Both the fetchmail and Linux kernel projects show that by properly rewarding the egos of many other hackers, a strong developer/coordinator can use the Internet to capture the benefits of having lots of co-developers without having a project collapse into a chaotic mess. So to Brooks's Law I counter-propose the following:
19: Provided the development coordinator has a communications medium at least as good as the Internet, and knows how to lead without coercion, many heads are inevitably better than one.

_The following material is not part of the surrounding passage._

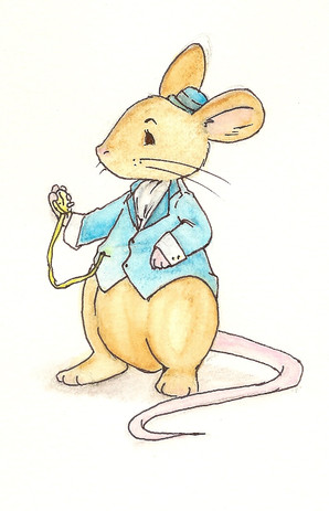 A very tiny piece, at 3.5 x 5, of a snappily dressed bunny. With a pocketwatch! Because ever since Alice, rabbits are associated with pocketwatches.Many of them find this an offensive stereotype, pointing out that they prefer a good digital wristwatch when they require a timepiece at all, others arguing that they don't even bother to carry one because they can look at their cel phone, but this particular bunny has chosen to embrace his heritage for all its worth.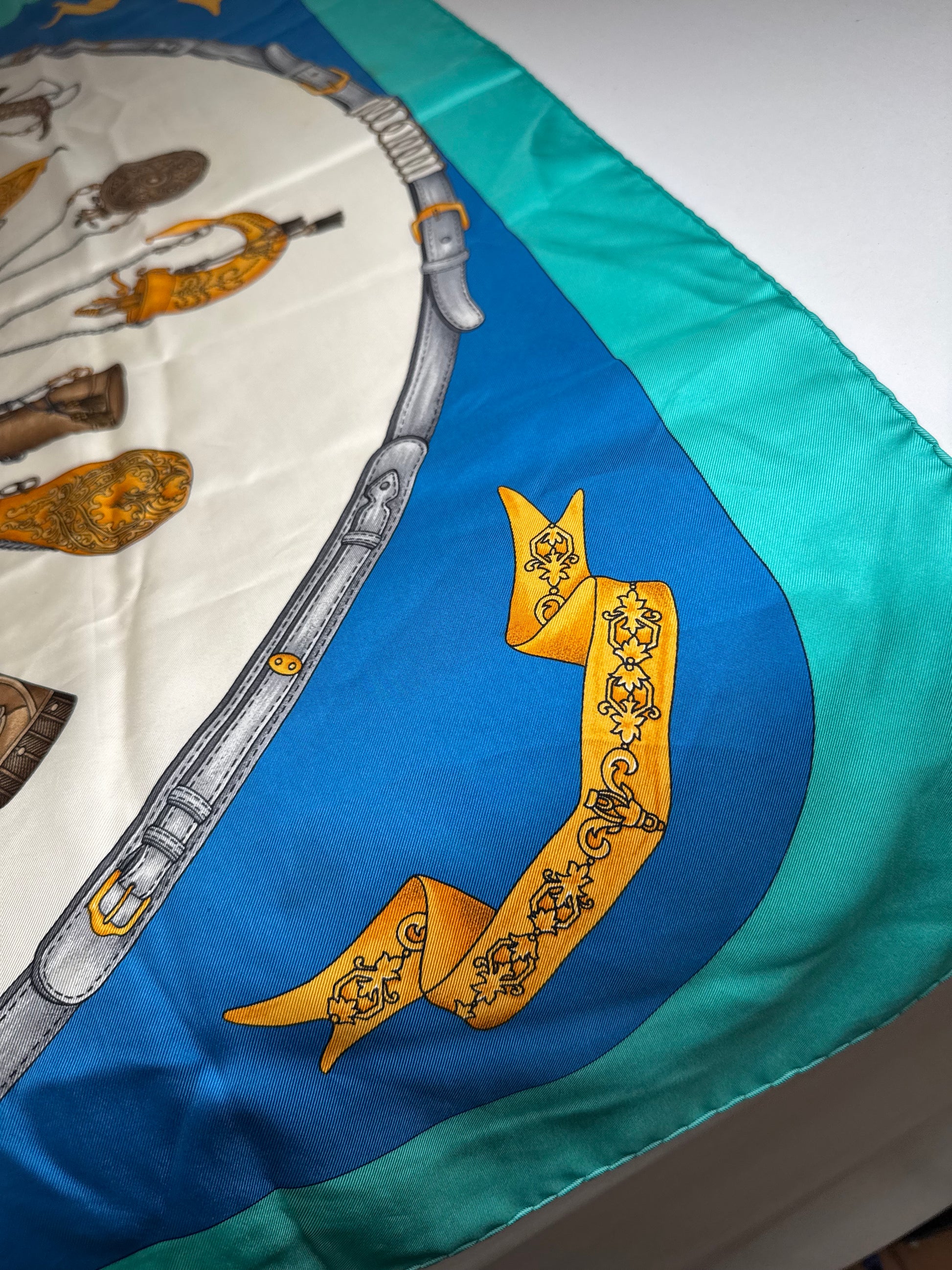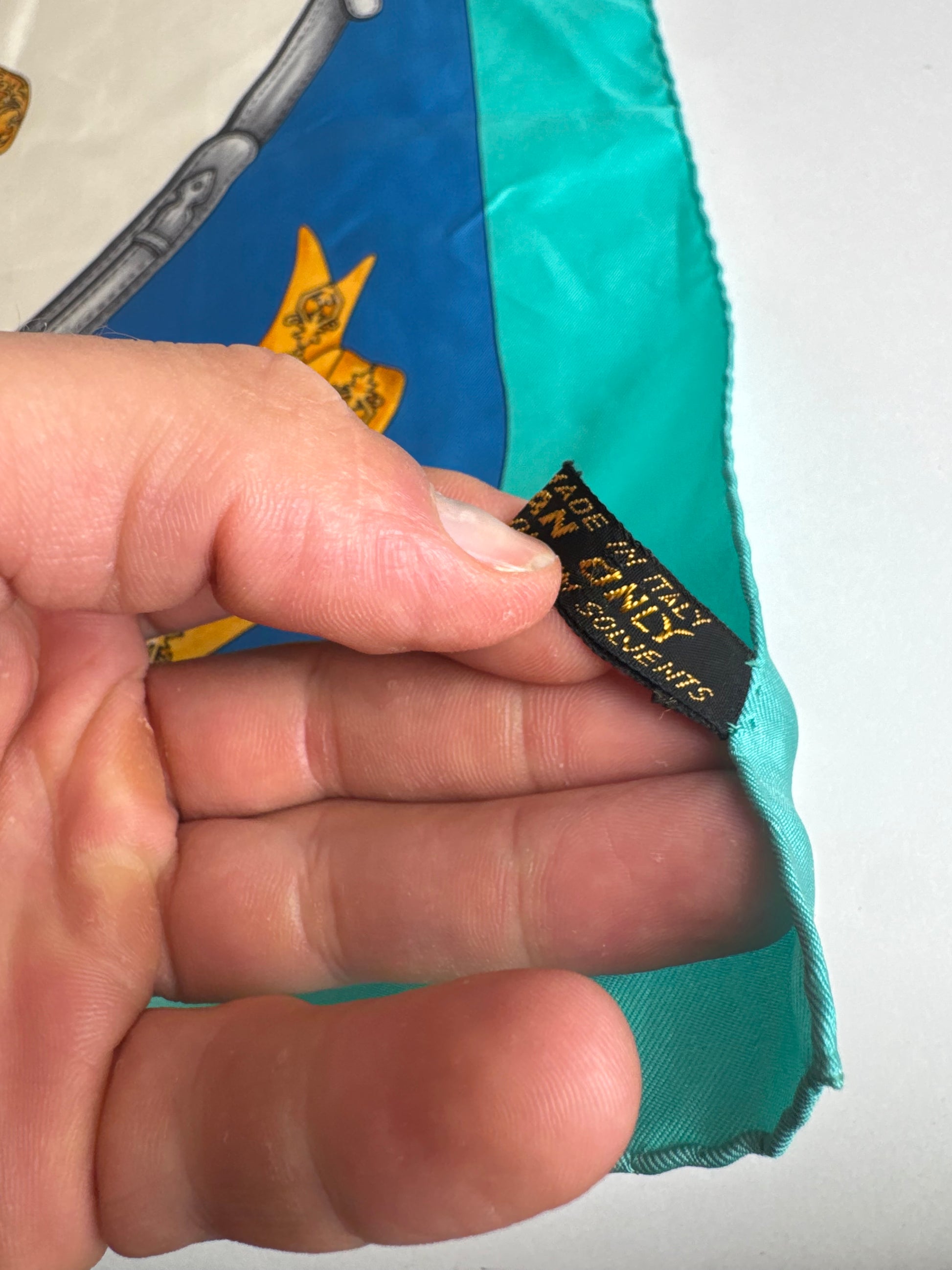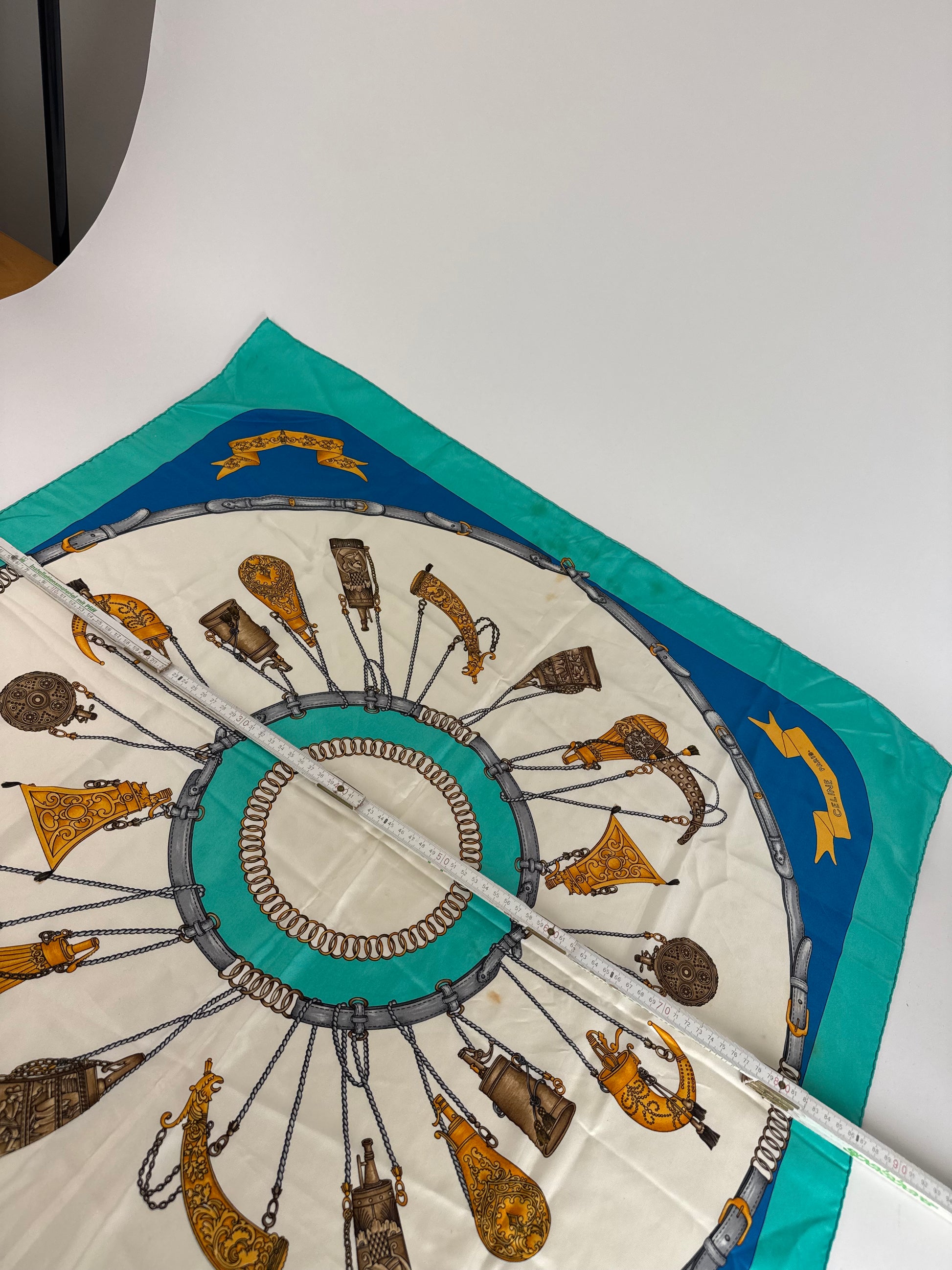 This vintage scarf is finely crafted of 100% silk and features a richly detailed, baroque-inspired design. It has a turquoise border, followed by a deep blue section adorned with yellow ribbons bearing the Céline name. At the center, a white and grey-edged circle showcases golden and brown abstract motifs—bells, horns, and bottles—interlinked in an ornate composition.

I think the future of open-source software will increasingly belong to people who know how to play Linus's game, people who leave behind the cathedral and embrace the bazaar. This is not to say that individual vision and brilliance will no longer matter; rather, I think that the cutting edge of open-source software will belong to people who start from individual vision and brilliance, then amplify it through the effective construction of voluntary communities of interest.
Perhaps this is not only the future of open-source software. No closed-source developer can match the pool of talent the Linux community can bring to bear on a problem. Very few could afford even to hire the more than 200 (1999: 600, 2000: 800) people who have contributed to fetchmail!
Perhaps in the end the open-source culture will triumph not because cooperation is morally right or software "hoarding" is morally wrong (assuming you believe the latter, which neither Linus nor I do), but simply because the closed-source world cannot win an evolutionary arms race with open-source communities that can put orders of magnitude more skilled time into a problem.
On Management and the Maginot Line
The original Cathedral and Bazaar paper of 1997 ended with the vision above-that of happy networked hordes of programmer/anarchists outcompeting and overwhelming the hierarchical world of conventional closed software.
A good many skeptics weren't convinced, however; and the questions they raise deserve a fair engagement. Most of the objections to the bazaar argument come down to the claim that its proponents have underestimated the productivity-multiplying effect of conventional management.
Traditionally-minded software-development managers often object that the casualness with which project groups form and change and dissolve in the open-source world negates a significant part of the apparent advantage of numbers that the open-source community has over any single closed-source developer. They would observe that in software development it is really sustained effort over time and the degree to which customers can expect continuing investment in the product that matters, not just how many people have thrown a bone in the pot and left it to simmer.